Kaelen’s voice cut through the thunder of boots. “Battalions two and four! Flank positions! Cover the approach!”
The formation split cleanly. One hundred twenty soldiers peeled left, another hundred twenty right, moving to intercept the royal forces scrambling to respond. That left two hundred forty charging straight at those gates like a spear aimed at the kingdom’s heart.
Arrows darkened the sky before we’d covered half the distance.
The first volley fell in a deadly rain. Soldiers raised shields instinctively, but iron points found gaps. Bolts landed on necks, legs, and the space between helm and pauldron. Bodies crumpled mid-stride. The charge didn’t slow.
We stepped over the fallen and kept moving.
Climbers broke from the main formation. Twenty agile Fae carrying grappling hooks and rope, sprinting ahead to scale the walls before defenders could mass properly. They moved fast, throwing hooks with practiced accuracy, beginning their ascent before the second volley launched.
I watched a young woman with braided hair reach halfway up before an arrow punched through her shoulder. She fell backward, rope burning through gloved hands. She didn’t scream. She just hit the ground with a sound that made my stomach twist and didn’t move again.
“Seris!” Daemon’s hand caught my arm as I stumbled. “Stay focused!”
But I couldn’t stop watching the climbers die. Arrows found them one by one. They dropped like cut flowers, bodies tangling in ropes or striking stone with wet, final sounds.
We had to get past this, no matter what.
Zephyr stopped running. Planted his feet. Drew and loosed arrows in one fluid motion that barely seemed to involve conscious thought.
An archer collapsed on the battlements, an arrow through his throat.
He knocked another. Drew. Released.
A second archer fell backward off the wall.

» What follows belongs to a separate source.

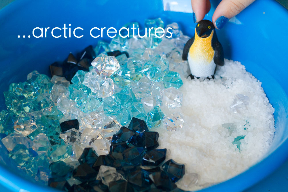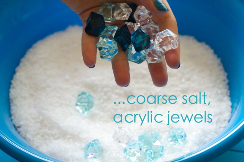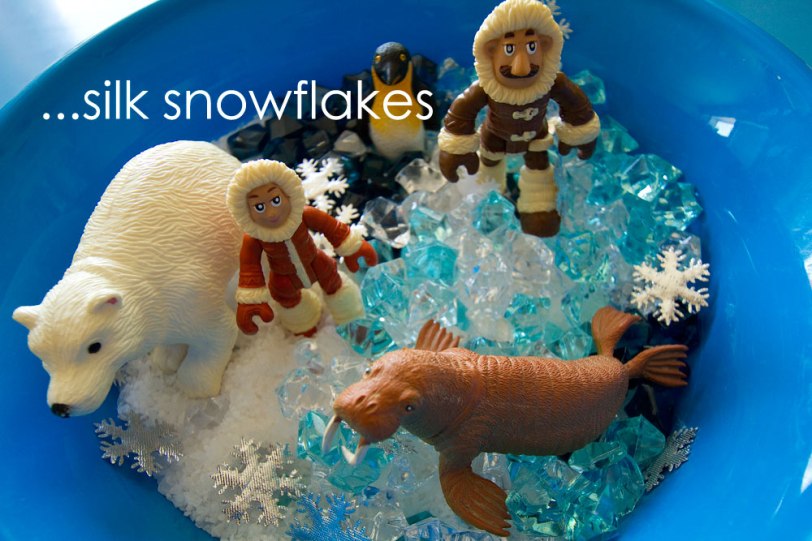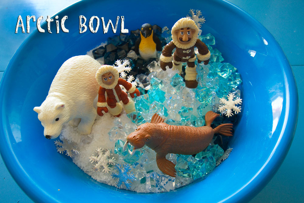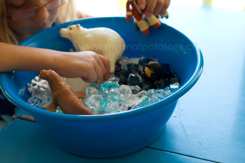 Our next bowl is the Arctic Bowl. It is very simple to assemble…We have an arctic play set in our toy shelf, so I borrowed some of the creatures from the bin. The toy set originally came from Toys R Us…The acrylic jewels and snowflakes came from the dollar store. My son really likes the arctic bowl…he got it all set up the way he liked it and said,

His hands moved in patterns too fast to properly track. Each motion was economical and precise. There were no wasted movements or hesitation. Just arrow after arrow sailing upward to punch through leather armor, finding gaps in helms and eliminating threats with mechanical efficiency.
Bodies dropped from the battlements. The remaining archers scrambled for cover, defensive fire faltering as they prioritized survival over accuracy.
“NOW!” Daemon surged forward, Kael materializing at his shoulder like a shadow given deadly intent.
They hit the wall together. Daemon’s hands found a steady grip in the rough stone, and Kael moved up the wall with a fluid grace as effortless as someone walking down a road.
Both ascended faster than seemed physically possible, using cracks and outcroppings invisible to anyone without years of training.
Zephyr’s arrows whispered past them, maintaining suppression fire that kept defenders pinned while our climbers closed the distance.
Daemon reached the top first. His blade flew in a horizontal slash that opened an archer’s throat before the man could cry a warning.
Kael arrived a heartbeat later, twin daggers flashing as he drove into the clustered defenders with focused brutality.
He struck vitals with ruthless precision, throwing knives that seemed to appear from nowhere at those who approached.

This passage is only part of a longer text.